INPUT:
* * *

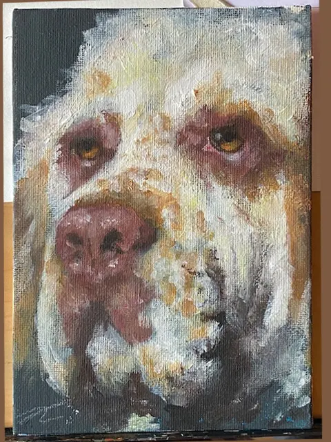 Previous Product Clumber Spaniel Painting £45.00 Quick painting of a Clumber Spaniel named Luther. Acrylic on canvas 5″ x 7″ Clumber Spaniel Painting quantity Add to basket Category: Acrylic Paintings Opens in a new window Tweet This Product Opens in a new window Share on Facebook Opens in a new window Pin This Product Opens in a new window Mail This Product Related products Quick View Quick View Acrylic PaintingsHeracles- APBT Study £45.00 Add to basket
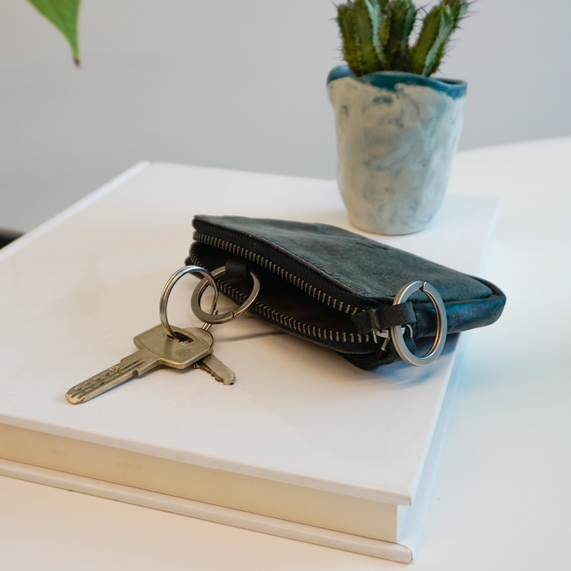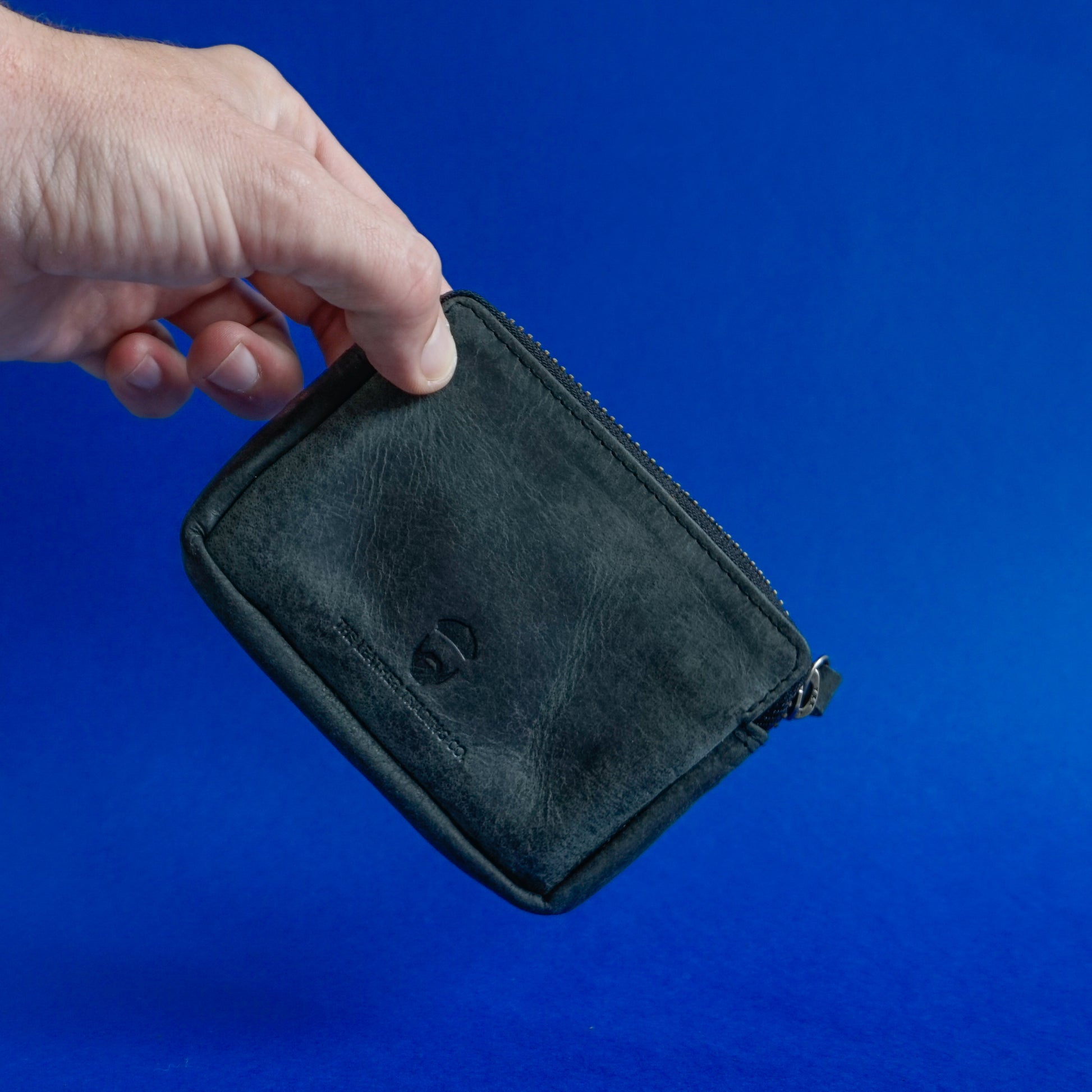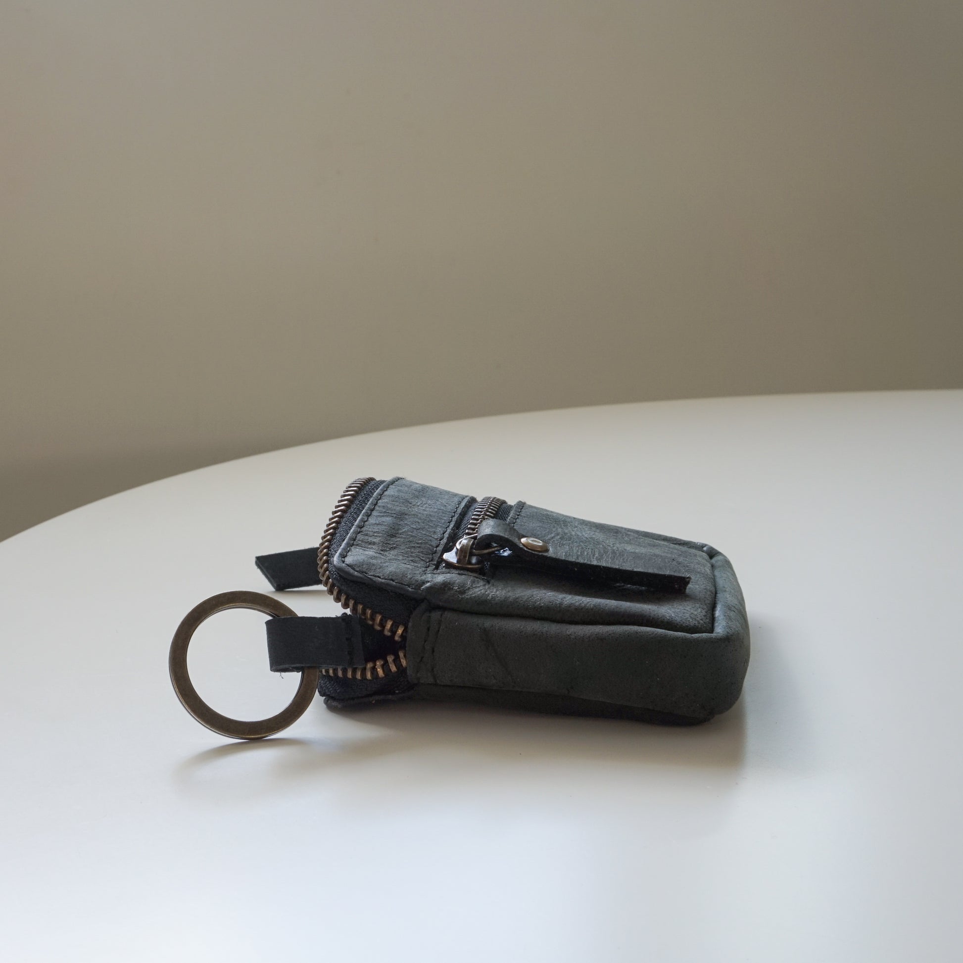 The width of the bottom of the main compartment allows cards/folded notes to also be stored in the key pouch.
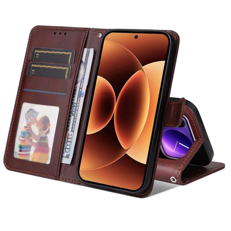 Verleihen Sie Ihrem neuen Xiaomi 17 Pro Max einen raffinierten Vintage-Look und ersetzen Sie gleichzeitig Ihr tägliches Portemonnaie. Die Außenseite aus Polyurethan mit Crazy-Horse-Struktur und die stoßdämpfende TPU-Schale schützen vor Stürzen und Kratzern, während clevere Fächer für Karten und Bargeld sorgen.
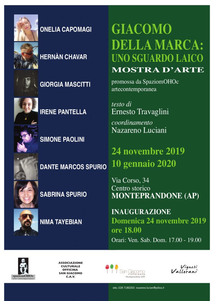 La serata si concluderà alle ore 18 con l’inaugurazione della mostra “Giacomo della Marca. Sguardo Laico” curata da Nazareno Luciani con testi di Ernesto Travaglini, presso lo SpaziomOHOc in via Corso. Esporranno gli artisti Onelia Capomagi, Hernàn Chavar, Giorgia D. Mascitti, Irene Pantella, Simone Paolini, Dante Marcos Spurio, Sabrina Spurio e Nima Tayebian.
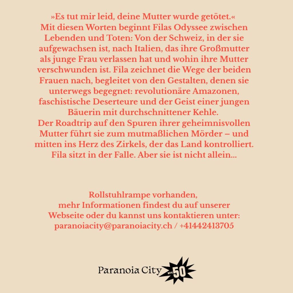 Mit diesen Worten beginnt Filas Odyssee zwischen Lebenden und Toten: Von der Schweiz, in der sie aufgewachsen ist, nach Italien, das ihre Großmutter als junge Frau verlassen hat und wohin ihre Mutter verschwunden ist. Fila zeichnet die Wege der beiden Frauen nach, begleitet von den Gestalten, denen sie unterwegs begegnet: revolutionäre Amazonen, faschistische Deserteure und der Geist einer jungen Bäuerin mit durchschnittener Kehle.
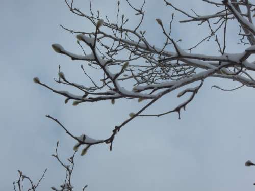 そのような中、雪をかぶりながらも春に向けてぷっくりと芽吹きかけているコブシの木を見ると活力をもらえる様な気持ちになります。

* * *

TASK DESCRIPTION: What are the lines in the records above, word for word, from the one containing "Verleihen Sie Ihrem" through the one containing "La serata si", both ends included and pictures left out?

WRITTEN RESPONSE:
 Verleihen Sie Ihrem neuen Xiaomi 17 Pro Max einen raffinierten Vintage-Look und ersetzen Sie gleichzeitig Ihr tägliches Portemonnaie. Die Außenseite aus Polyurethan mit Crazy-Horse-Struktur und die stoßdämpfende TPU-Schale schützen vor Stürzen und Kratzern, während clevere Fächer für Karten und Bargeld sorgen.
 La serata si concluderà alle ore 18 con l’inaugurazione della mostra “Giacomo della Marca. Sguardo Laico” curata da Nazareno Luciani con testi di Ernesto Travaglini, presso lo SpaziomOHOc in via Corso. Esporranno gli artisti Onelia Capomagi, Hernàn Chavar, Giorgia D. Mascitti, Irene Pantella, Simone Paolini, Dante Marcos Spurio, Sabrina Spurio e Nima Tayebian.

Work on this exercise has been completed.